La settimana prima dell'omicidio
Alle domande del giudice Corrado Schiaretti sulla settimana precedente l'omicidio di Giulia, Cagnoni vacilla: non ricorda orari, nè spostamenti, se sia andato a Firenze a lasciare i bambini dal 12 al 14 settembre dai nonni visto che il 13 aveva appuntamento dall'avvocato divorzista con Giulia. Non ricorda che il 16 settembre, prima di andare a Firenze con i bambini, non permise alla figlia di prendere su il proprio cellulare da casa. Particolare, invece, segnalato dalla figlia maggiore Rachele in una sorta di breve tema che il giudice cita a Cagnoni. E soprattutto non sa spiegarsi come mai un Chrysler Voyager nero con le stesse discrasie del suo, sia stato ripreso dalla videosorveglianza cittadina mentre svolta in via padre Genocchi il 15 settembre, giorno prima dell'omicidio di Giulia, si ferma per 7 minuti difronte alla villa del massacro poi riparte.

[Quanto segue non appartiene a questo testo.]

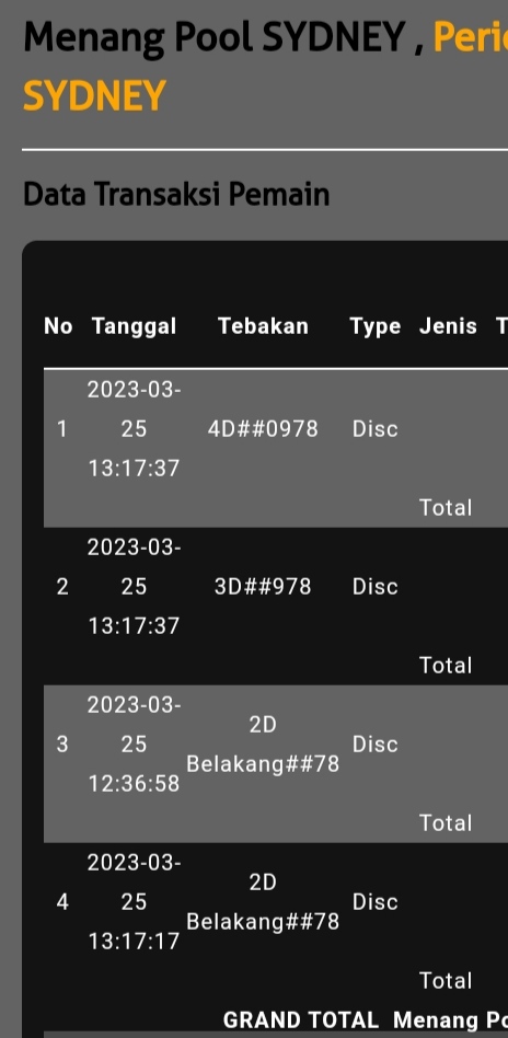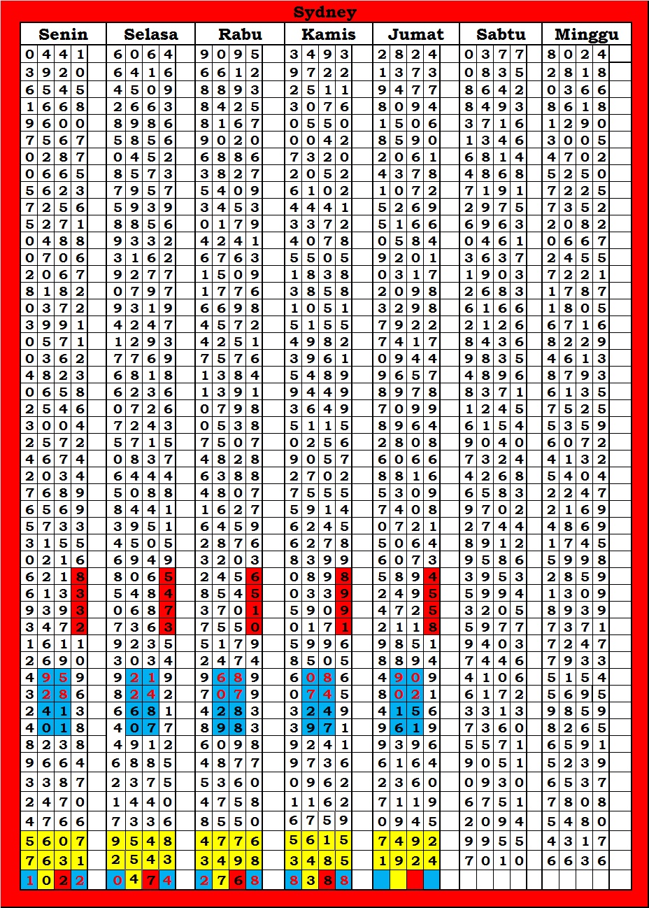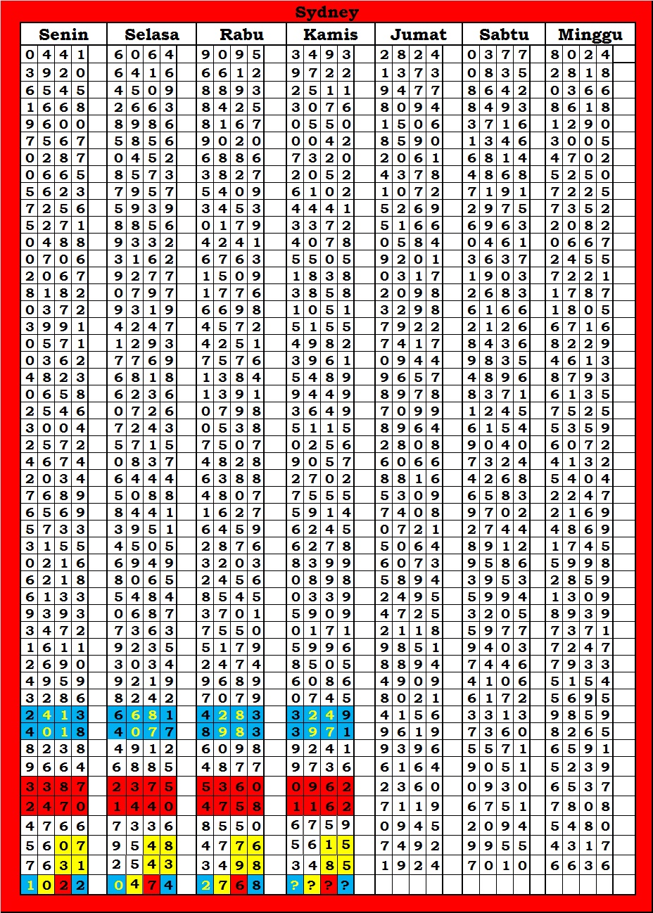 TABEL DATA SYDNEY 6D VERSI HARIAN |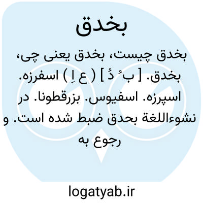 بخدق. [ ب ُ دُ ] ( ع اِ ) اسفرزه. اسپرزه. اسفیوس. بزرقطونا. در نشوءاللغة بحدق ضبط شده است. و رجوع به نشوءاللغة ص 92 و بحدق شود.

Secondo l'accusa Cagnoni ha portato acqua distillata ed arma del delitto in casa proprio quel giorno. "Non ero di certo io, non sono stato in quella casa: quel pomeriggio sono andato a ritirare dolci e pizzette ordinate da Giulia per il compleanno di nostro figlio". Il giudice aggiunge che la stessa auto viene ripresa mentre transita nella zona di via Alberoni il 17 settembre, giorno in cui, secondo l'accusa, Cagnoni è tornato a Ravenna nella villa di via Padre Genocchi e chiede spiegazioni. "Non può essere la mia auto: ero a Firenze con la mia Mercedes e non sono tornato a Ravenna". Non sa nemmeno spiegare le due telefonate partite dal telefono fisso della sua casa di Ravenna verso il fisso dei genitori a Firenze, proprio nel pomeriggio del 17. "Forse sono partite da sole, io non le ho fatte". Le prossime udienze saranno riservate ai testimoni della difesa, alla requisitoria del pm e all'arringa della difesa.